─── Given data

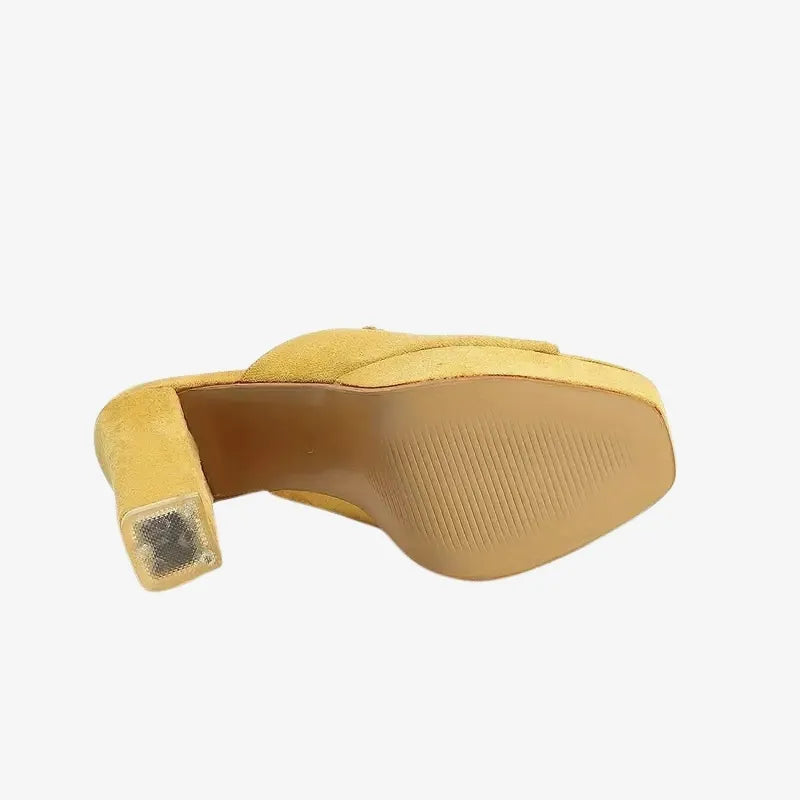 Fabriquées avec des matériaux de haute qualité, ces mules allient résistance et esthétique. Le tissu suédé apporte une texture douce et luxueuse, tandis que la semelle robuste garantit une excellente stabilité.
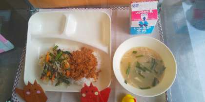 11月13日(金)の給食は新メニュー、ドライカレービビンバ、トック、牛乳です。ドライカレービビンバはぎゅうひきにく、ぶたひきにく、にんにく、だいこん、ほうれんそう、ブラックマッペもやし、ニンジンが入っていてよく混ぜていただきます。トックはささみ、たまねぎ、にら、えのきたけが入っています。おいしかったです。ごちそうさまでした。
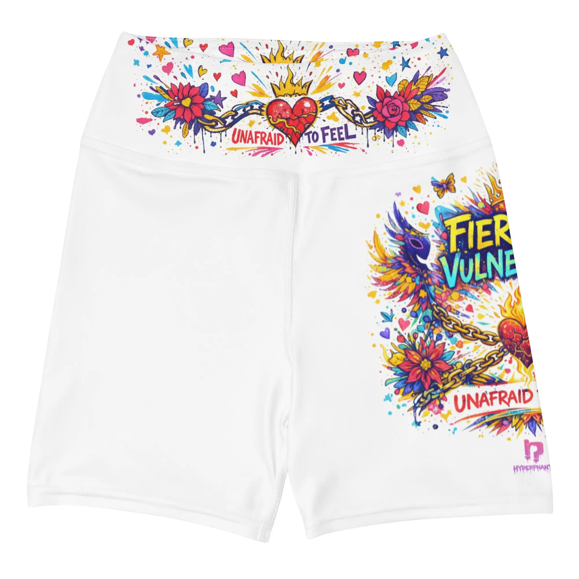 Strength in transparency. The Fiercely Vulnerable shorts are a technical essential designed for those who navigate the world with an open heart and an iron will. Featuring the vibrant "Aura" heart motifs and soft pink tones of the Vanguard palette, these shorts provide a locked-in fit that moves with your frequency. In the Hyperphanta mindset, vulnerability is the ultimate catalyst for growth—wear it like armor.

──────

### Assigned task:
Give back the entire listing verbatim, without the pictures.

### Answer space:
 Fabriquées avec des matériaux de haute qualité, ces mules allient résistance et esthétique. Le tissu suédé apporte une texture douce et luxueuse, tandis que la semelle robuste garantit une excellente stabilité.
 11月13日(金)の給食は新メニュー、ドライカレービビンバ、トック、牛乳です。ドライカレービビンバはぎゅうひきにく、ぶたひきにく、にんにく、だいこん、ほうれんそう、ブラックマッペもやし、ニンジンが入っていてよく混ぜていただきます。トックはささみ、たまねぎ、にら、えのきたけが入っています。おいしかったです。ごちそうさまでした。
 Strength in transparency. The Fiercely Vulnerable shorts are a technical essential designed for those who navigate the world with an open heart and an iron will. Featuring the vibrant "Aura" heart motifs and soft pink tones of the Vanguard palette, these shorts provide a locked-in fit that moves with your frequency. In the Hyperphanta mindset, vulnerability is the ultimate catalyst for growth—wear it like armor.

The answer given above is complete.